▸ **Work required**
Every line of the records that holds the word "ihre" should be copied.

(Dataset entries)
>>>>

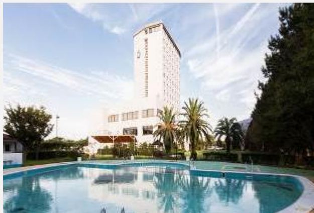
HOTEL HAMANAKO ROYAL ****
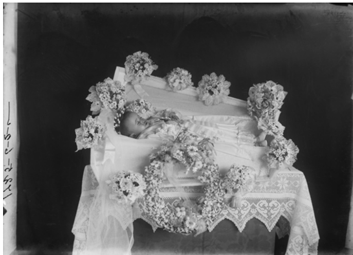
Figura 2: Fotografia Postmortem de Criança, 1911. © Museu da Imagem, Arquivo da Fotografia Aliança (Ref. AAL2854). Arquivo da Photographia Aliança. Museu da Imagem
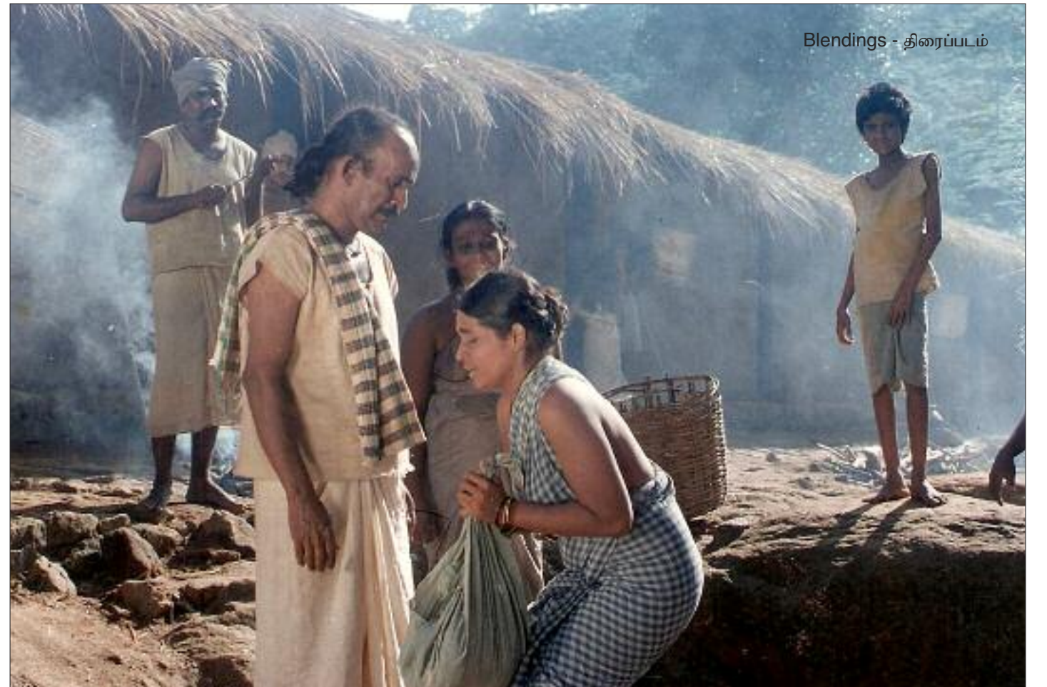
Blendings - திரைப்படம்

படி விடைபெறுகையில் ‘கதை’ மறந்து விடாதீர்கள் என்றார்.
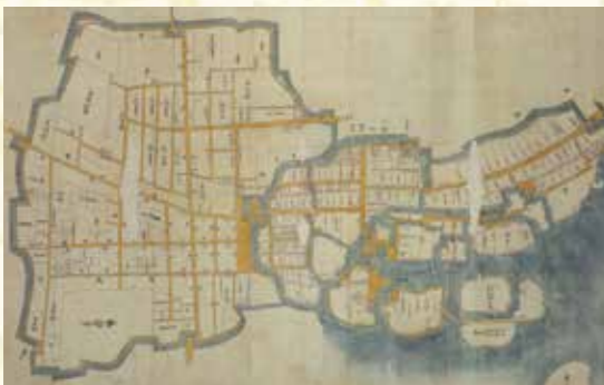
大給松平氏時代の館林城絵図(西尾市教育委員会所蔵)

現存する館林城絵図の中で最も古い、神原氏の後に藩主となった大給松平氏時代の城絵図。
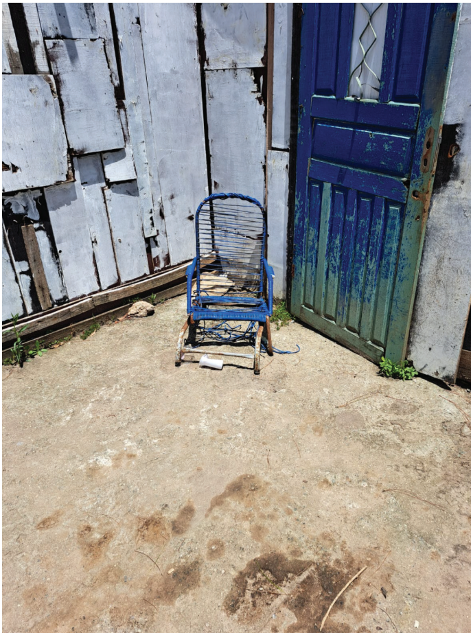
Figura 2. Mobiliário residencial que com o tempo não escapa de virar lixo (que não é biodegradável). Autora: Francine Cruz de Cerqueira Lima, 19/12/2023.
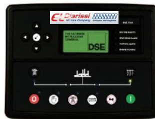
TABLEAU DE COMMANDE DIGITAL
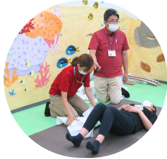
昨年度の家族介護支援教室の様子 講師によるおむつ交換の実技
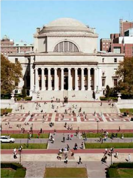
[2] «RECUERDO MI ÚLTIMO AÑO SABÁTICO EN COLUMBIA UNIVERSITY EN NUEVA YORK.» [P+C]

de conocimientos, y para su transmisión. Como el café en grano, que necesita ser seleccionado, tostado, molido, y filtrado con agua caliente hasta obtener el delicioso brebaje. Y, quizás, tras la ingestión de ese café estupendo, las neuronas se despierten y hasta hagan llegar a la sabiduría.
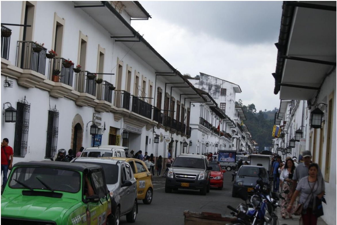
Ilustración 10. Calles Popayán
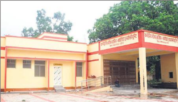
जिला अस्पताल परिसर में स्थापित ट्रामा विंग।
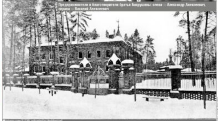
Сиротский приют имени братьев Бахрушиных, 1904-1905 годы

— Кроме наук, они обучались в мастерских электротехническому делу. Уже в младших классах умели пилить, строгать, могли выточить разводной ключ, со-
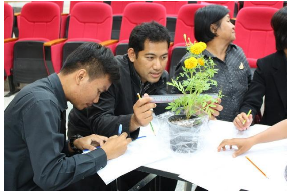
ภาพที่ 7-8 ปฏิบัติการศึกษารรณไม้ด้วยแบบบันทึก ก.7-003
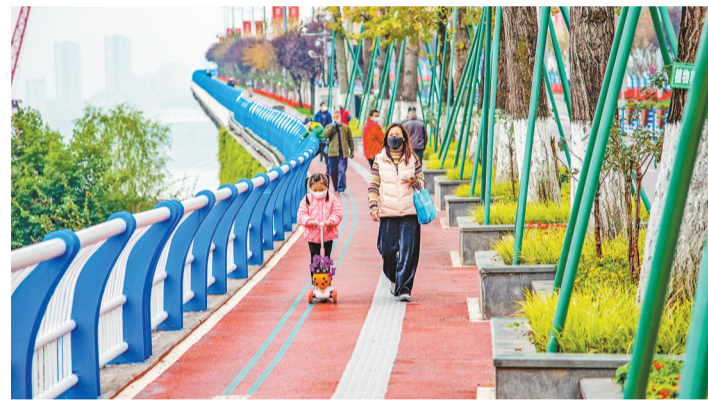
九滨路上,市民在人行道上休闲散步。近年来,九龙坡区对一批主要道路的人行道实施“畅通、安全、舒适、美化”工程,大幅改善了市民的出行环境。
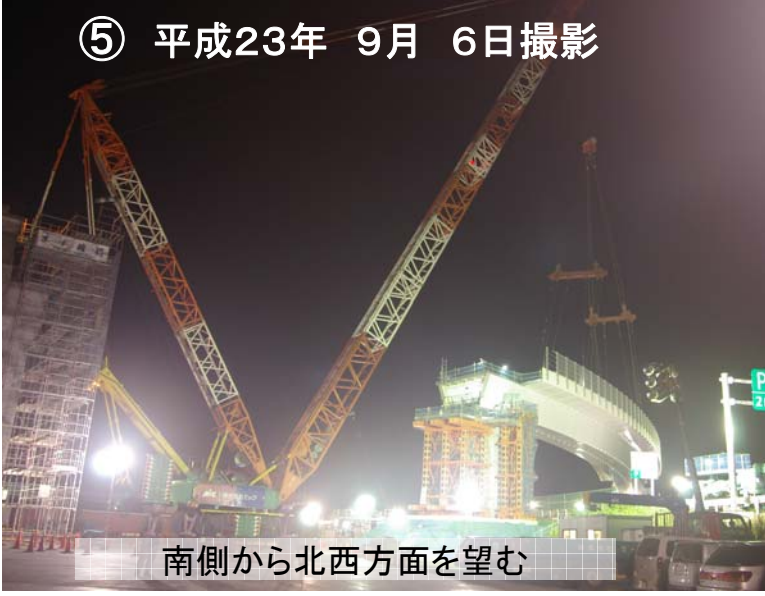
南側から北西方面を望む
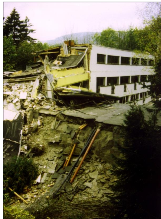
Bild 3: Zerstörter Wohnkomplex durch Verbruch von Abbauen der Fredeburger Dachschieferlagerstätte

Medienwirksam war auch das Verbrucherereignis in der Wohnsiedlung Höntrop in Bochum-Wattenscheid am 02.01.2000. Über Nacht entstand ein Krater von 40 m Breite und Tiefe, dabei verschwand eine Garage samt Auto. Am nächsten Tag folgte eine weitere Garage. Im Bereich des 1905 stillgelegten Steinkohlenschachtes 4 der Zeche Annemarie traten plötzlich erhebliche Massenbewegungen in der alten, verspiegelten Schachtröhre auf, worauf sich an der Geländeoberfläche eine Hohlform von mehr als 7 500 m 3 einstellte, die mit Beton verfüllt werden musste. 20
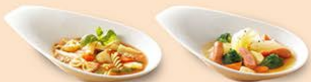
いろいろパスタのミネストローネ
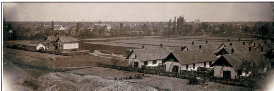
Bányászkolónia a pécsi szénmedencéhez tartozó Mányoknál, 1900 körül

zett Rajiç kiáltványban tudatta Pécs polgáraival, hogy a helyi szocialista párt kívánságára, amely az egykori pécsi Nemzeti Tanács legnagyobb pártja, megengedi, hogy a Nemzeti Tanácsot népgyűlés útján újraválasszák. Ez pedig általános választás kiírásával megalkítja majd a törvényhatósági bizottságot a város ügyeinek intézésére. A 20 ezer főre becsült tömeg augusztus 8-án a Majláth téren választotta meg a 34 szocialista, 15 polgári radikális és 3 párton kívüli tagból álló Nemzeti Tanácsot.
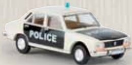
29108 Peugeot 504 „Police“
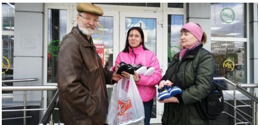
Накануне майских праздников люди, прибывшие из Лисичанска в зимней обуви, приобрели лёгкие кроссовки для себя и своих детей
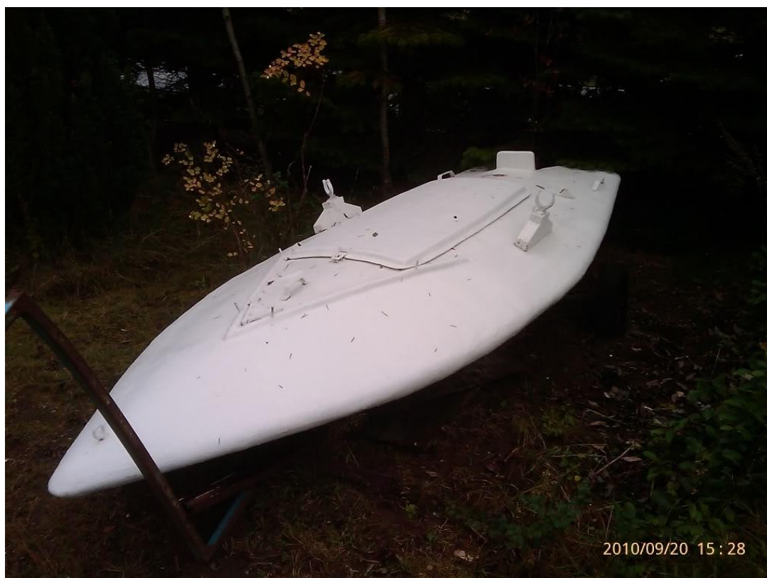
Glasfiber kopi af original træ langelænder.

Sideløbende med de fabriksfremstillede Langelandspramme vedblev der privat at blive bygget lokale pirat "langelands pramme". Nogle tog udgangspunkt i de originale Rudkøbingpramme og fik rund samling og firkantet mandehul, i stedet for fenderliste som på fabriksmodellen.
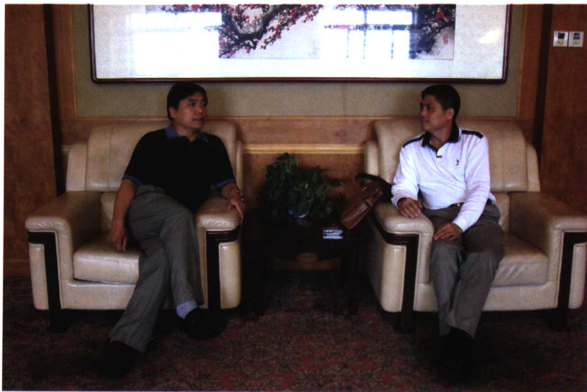
2007年9月，江西省抚州市临川区人民法院党组书记、院长盛明阳一行到房山法院就法官助理制度的运行情况进行考察调研，房山法院党组书记、院长孙国明亲切接见来访的客人。
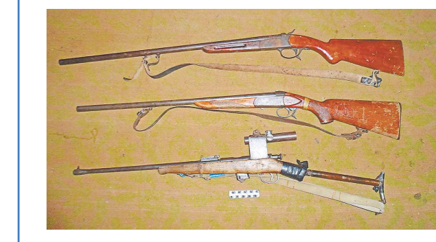
Полиция напоминает: лица, добровольно сдавшие оружие, боеприпасы или взрывные устройства, от ответственности освобождаются, более того – им выплачивается денежное вознаграждение. Если те же самые вещи будут у вас изъяты, то вам грозит ответственность по статье 222 УК. Для добровольной сдачи оружия следует обращаться в территориальный ОВД или к участковому уполномоченному по месту жительства.

В ноябре 2020-го, в подарок от смертельно больного друга, он получил малокалиберную винтовку ТОЗ-17, с оптикой и магазином, в котором находились четыре патрона, а также два охотничьих ружья, две банки с порохом и компоненты для изготовления охотничьих патронов 16-го и 20-го калибра. В феврале 2021-го он самостоятельно изготовил тел и других соответственно 10 и 15 штук. Все вышеуказанное хранит в сейфе, надеясь, что никто об этом не узнает. Как заявил сам обвиняемый, ему было прекрасно известно о незаконном характере этих действий, однако, во-первых, это была память о друге, а во-вторых – сдать весь арсенал в полицию постоянно что-то мешало: то не хватало свободного времени, то гражданам боялся, что его привлекут к ответственности.
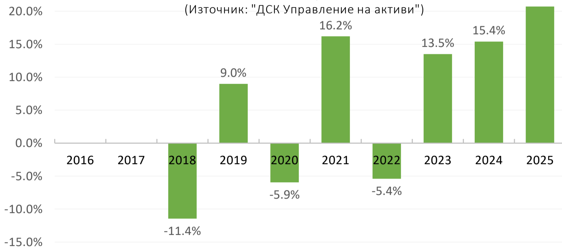
Изменение на инвестиция от 10 000 евро в 5-годишен период
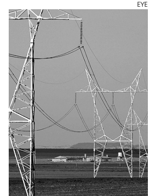
En la imagen de arriba, tendido eléctrico.

El despliegue de las redes inteligentes en Castilla-La Mancha ha empezado en las localidades de Socuéllamos y Santa Cruz de Mudela (Ciudad Real), donde la compañía energética instalará 10.000 contadores inteligentes antes de que termine este ejercicio. Estos nuevos contado-
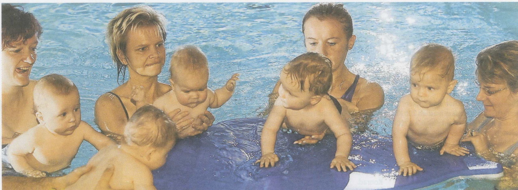
Bereits seit 13 Jahren bietet die Reha Vita in Cottbus das Babyschwimmen an. Die Kurse, in denen Babys ab einem Alter von drei Monaten ihre Mobilität im Wasser erproben können, sind sehr beliebt. Eine frühzeitige Anmeldung empfiehlt sich.
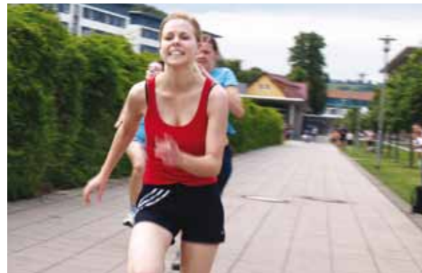
Auch bei den diesjährigen Schmalypics verwandelte sich die Hochschule zum Stadion: So absolvierten die Leichtathleten und -athletinnen ihre Wettkämpfe direkt auf dem Campus.
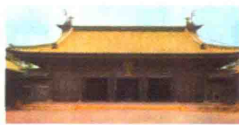
日本东京圣堂大成殿
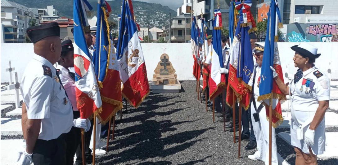
La haie des porte-drapeaux devant la tombe du Gouverneur Capagorry
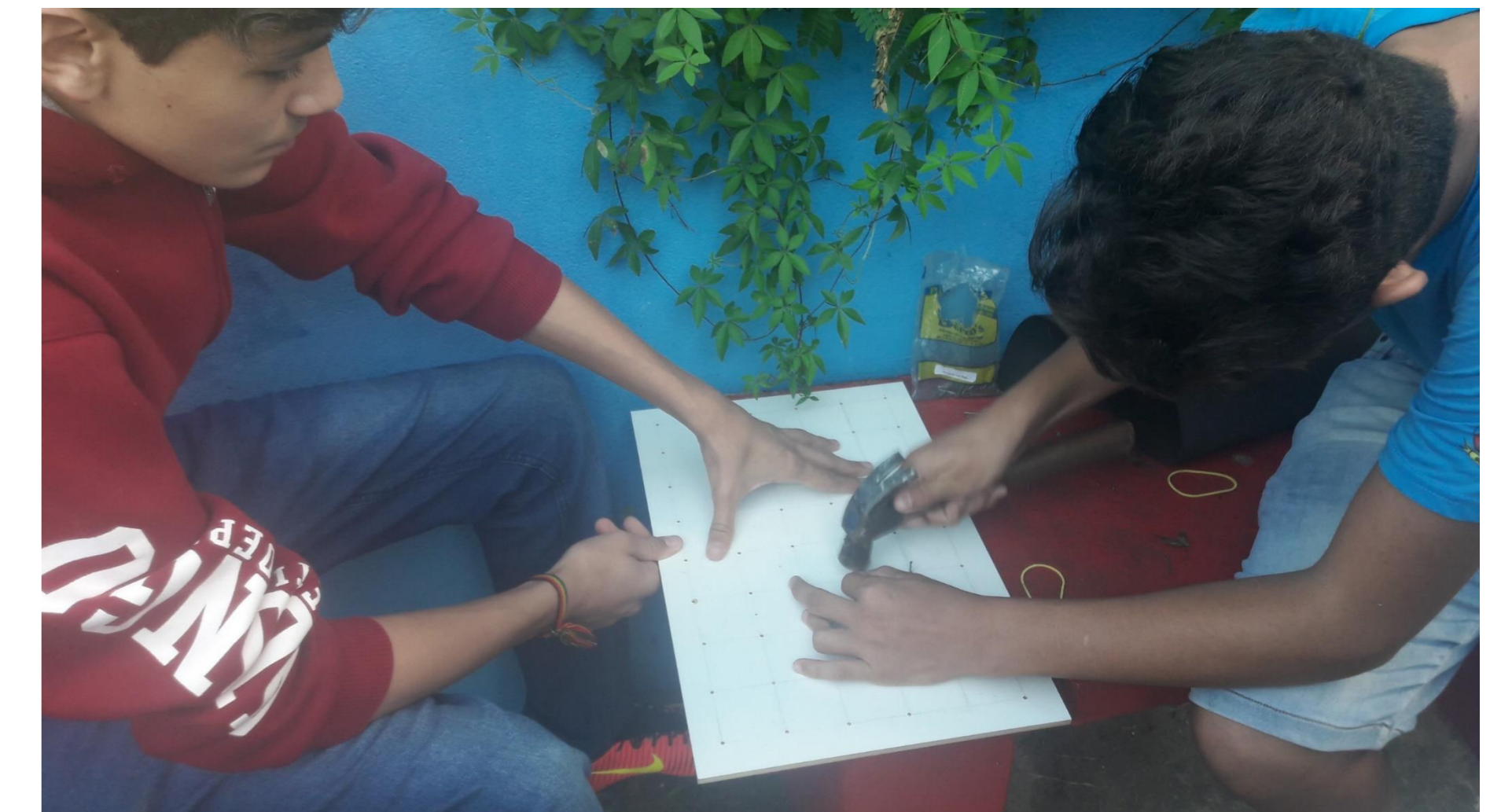
Geoplano e números

<<<<

▸ **Result**
Bereits seit 13 Jahren bietet die Reha Vita in Cottbus das Babyschwimmen an. Die Kurse, in denen Babys ab einem Alter von drei Monaten ihre Mobilität im Wasser erproben können, sind sehr beliebt. Eine frühzeitige Anmeldung empfiehlt sich.
Auch bei den diesjährigen Schmalypics verwandelte sich die Hochschule zum Stadion: So absolvierten die Leichtathleten und -athletinnen ihre Wettkämpfe direkt auf dem Campus.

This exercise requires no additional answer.